There are some, however, who don’t want to see that happen. Venezuela’s Hugo Chavez, after just signing a flurry of arms deals in Belarus and Russia, is now sniffing butt in Vietnam. They signed some deals, mostly related to development of oil industry. But Vietnam, despite its so-called communist rulers, did not get suckered into his anti-imperialist game. Chavez may have “spoke warmly” about the Vietnam War, but they wouldn’t let him visit a museum of a shot-down U.S. warplane. Fact is, they don’t want to sour ties with the United States, and any deal they can make with Chavez is strictly business and small potatoes.

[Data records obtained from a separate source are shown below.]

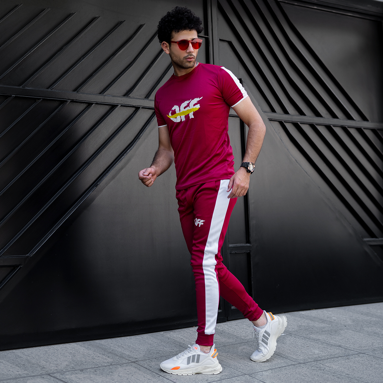 ست تیشرت شلوار off قرمز مردانه مدل O77
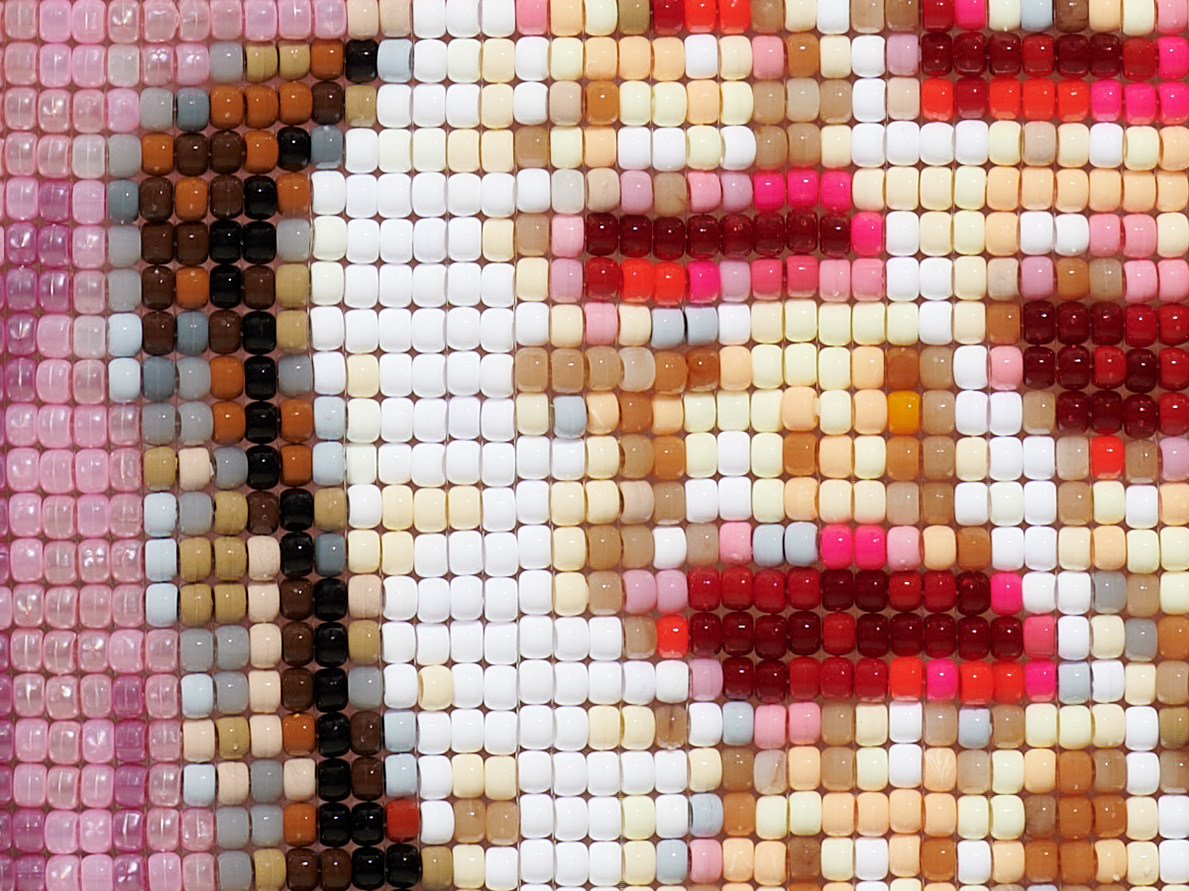 Plastic beads and acrylic yarn 36" x 50"
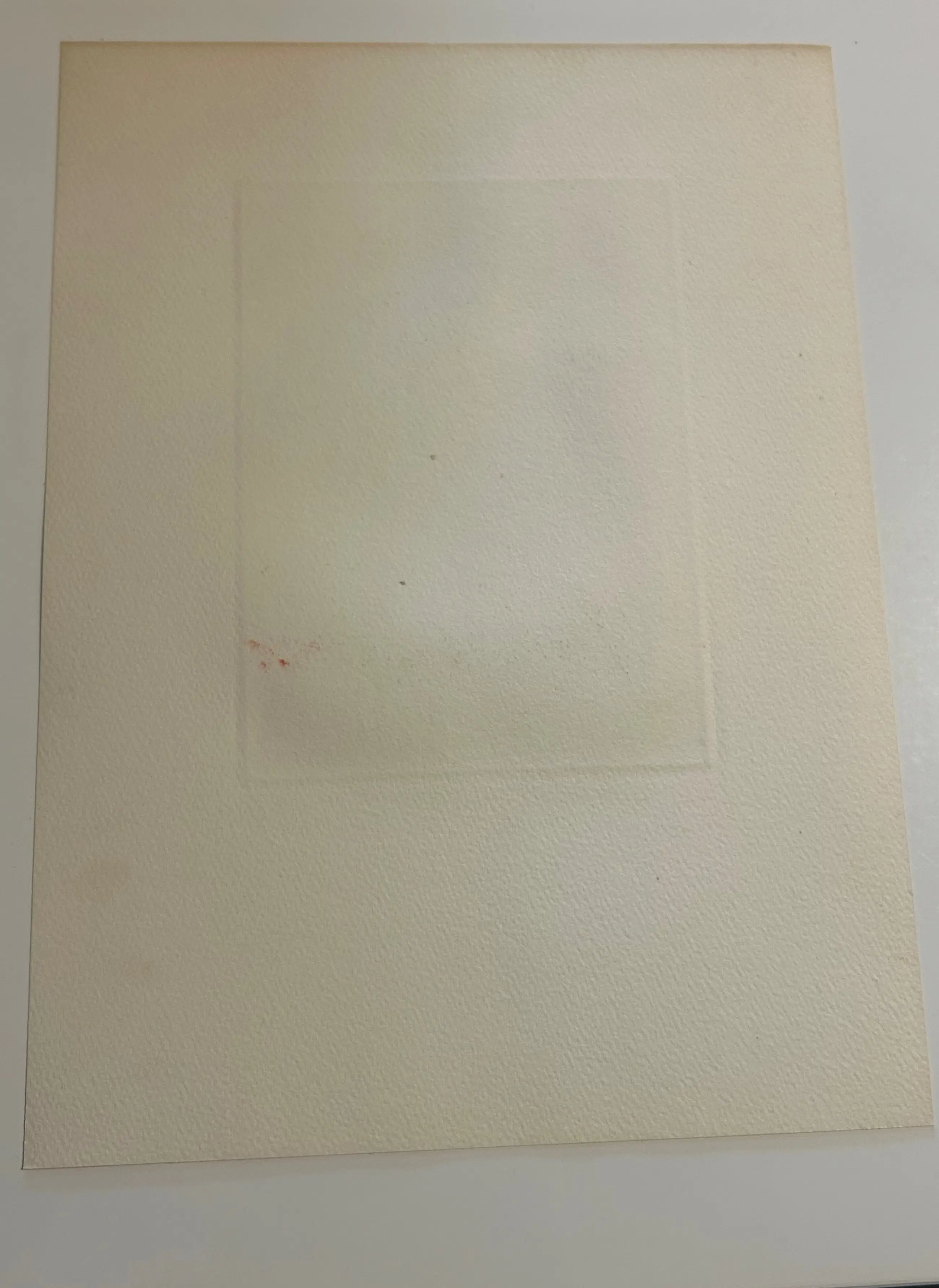 Ets op papier. De vermelde afmetingen zijn gemeten inclusief het volledige papier (bladmaat). De afbeelding zelf (plaatmaat) is 13 cm hoog en 10 cm breed. Zie foto’s voor verdere details en de staat van het werk

He’ll have to do better than that if he wants to sucker more people into his maniacal schemes. Only the true crazies, like Lukashenko of Belarus, Ahmadinejad of Iran, and Mugabe of Zimbabwe go for this stuff. Essentially, Chavez is trying to convince countries like Vietnam that working to destroy the guarantor of their prosperity is in their best interests, a logic that could only make sense to a madman. Luckily the Vietnamese are not mad and want nothing of it.